BETHESDA, MD. — The use of hormonal contraception is among the factors associated with increased viral shedding among women with genital herpes simplex virus type-2 infections, Sharon L. Hillier, Ph.D., said at a conference on vulvovaginal diseases.
Women who have recently been infected with HSV-2 and those with bacterial vaginosis (BV) have also been found to have greater viral shedding, said Dr. Hillier, director, reproductive infectious disease research, Magee-Womens Hospital, Pittsburgh. Shedding decreases over time after the primary episode.
Other women at risk for increased shedding include younger, pregnant, or the immunocompromised, and especially those who are HIV infected, she added.
The data on whether hormonal contraceptives are associated with increased shedding in this population have been mixed, she said, citing one study finding an association and two others, which found no such association.
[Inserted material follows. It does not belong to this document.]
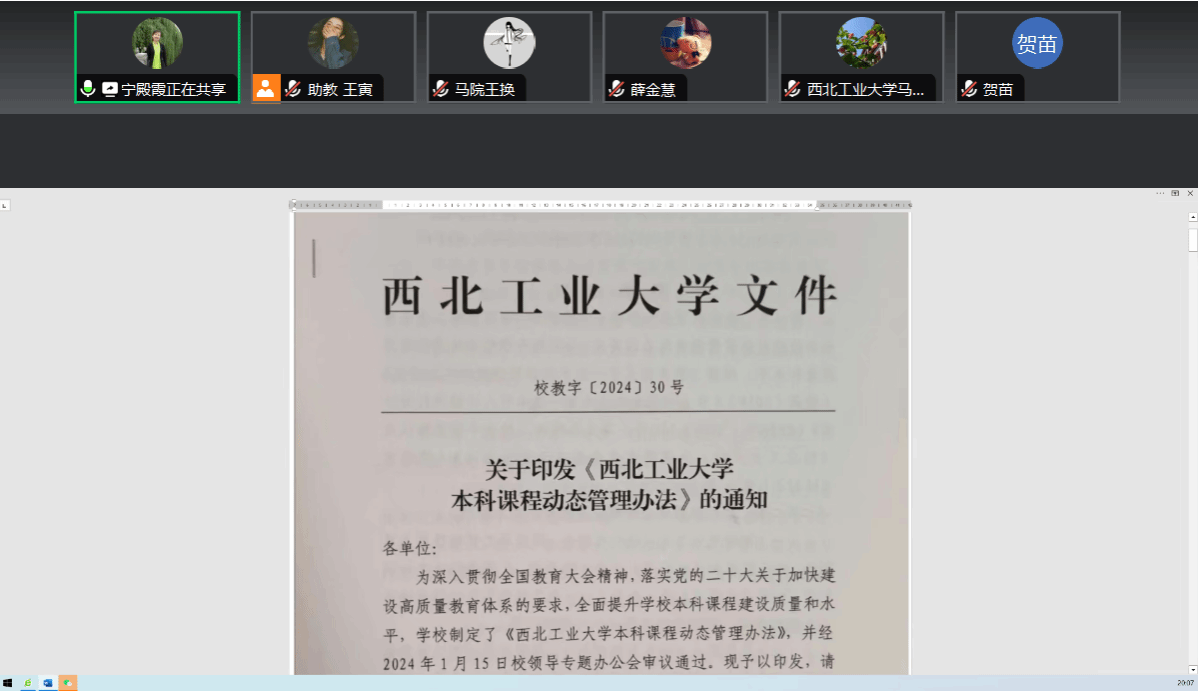 随后,《概论》课教研室主任宁殿霞副教授就关于印发《冰球突破豪华版官方网站本科课程动态管理办法》的文件与各任课老师围绕总则、动态管理对象、课程建设与开设管理、课程过程管理、预警与退出机制等内容进行集体学习。本次学习有利于任课老师们深入贯彻全国教育大会精神,落实党的二十大报告关于加快建设高质量教育体系的要求,全面提升学校本科课程建设质量和水平。

But a study published in May that followed 330 HSV-2 seropositive women at 4-month intervals for 1 year, for a total of 956 visits, found a twofold increased risk of shedding among hormonal contraceptive users. At each visit, vaginal swab specimens were collected and tested for BV, yeast, group B streptococcus, and HSV-2 DNA, according to Thomas L. Cherpes, M.D., and associates at the University of Pittsburgh (Clin. Infect. Dis. 2005;40:1422–8).
A total of 95% of the women did not know they had herpes, noted Dr. Hillier, one of the study's authors and professor of obstetrics, gynecology, and reproductive sciences and of molecular genetics and biochemistry at the university.
Like other investigators, they found shedding increased threefold in those who were infected in the previous 4 months. That indicates once a woman has seroconverted, she is likely to infect her partner in the months following seroconversion.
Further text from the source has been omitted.